AlixPartners, the consulting firm that led GM’s reorganization efforts, has put the perennial optimism of auto industry analysts on notice, introducing its 2011 Automotive Outlook by arguing
The AlixPartners 2011 Automotive Outlook finds that while automakers and suppliers have seen profits bounce back handsomely – North American original equipment manufacturers (OEMs) posted $12.5 billion in 2010 profit on a net margin of 4.6% and North American suppliers reaped $8.2 billion on a net margin of 4.3% – no one should be tempted into thinking that things are now back to “normal,” or at least the normal defined by the consumer-incentive-induced sales levels of the past. In sync with its past annual auto studies, AlixPartners continues to predict that U.S. auto sales will climb slower, and to a lower peak, than many others are predicting. Specifically, the firm estimates U.S. auto sales will reach just 12.7 million units this year and only 13.6 million in 2012.
This is a tough moment for us: on the one hand, pessimistic economic forecasts don’t make anybody happy… on the other hand, the AlixPartner outlook is a significant validation of TTAC’s longtime bearishness.
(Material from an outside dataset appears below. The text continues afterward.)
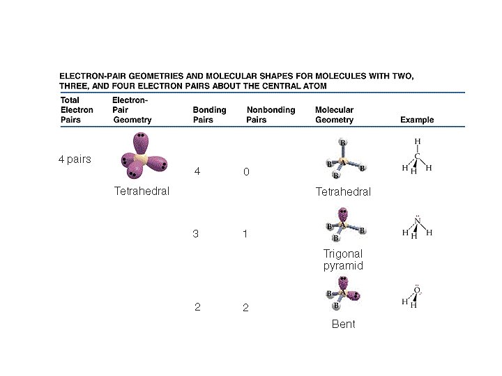 The Effect of Nonbonding Electrons and Multiple Bonds on Bond Angles • We determine the electron pair geometry only looking at electrons. • We name the molecular geometry by the positions of atoms. • We ignore lone pairs in the molecular geometry. • All the atoms that obey the octet rule have tetrahedral electron pair geometries.

So rather than either moping or self-congratulating, let’s just take a look at why AlixPartners is so gloomy about the near-term outlook.
First, a little more on the market outlook, which predicts
13% compound annual growth rate (CAGR) for small cars and a 7% CAGR for small crossover vehicles between now and 2015 in the U.S., as large cars, SUVs and pickups are expected to see a CAGR of just 2%, respectively, in that time. The study also finds that pickup-truck sales will be hurt by the continuing housing crisis. U.S. pickup sales for 2011 are estimated to reach only 1.7 million units, well below the recent peak of 2.9 million in 2006.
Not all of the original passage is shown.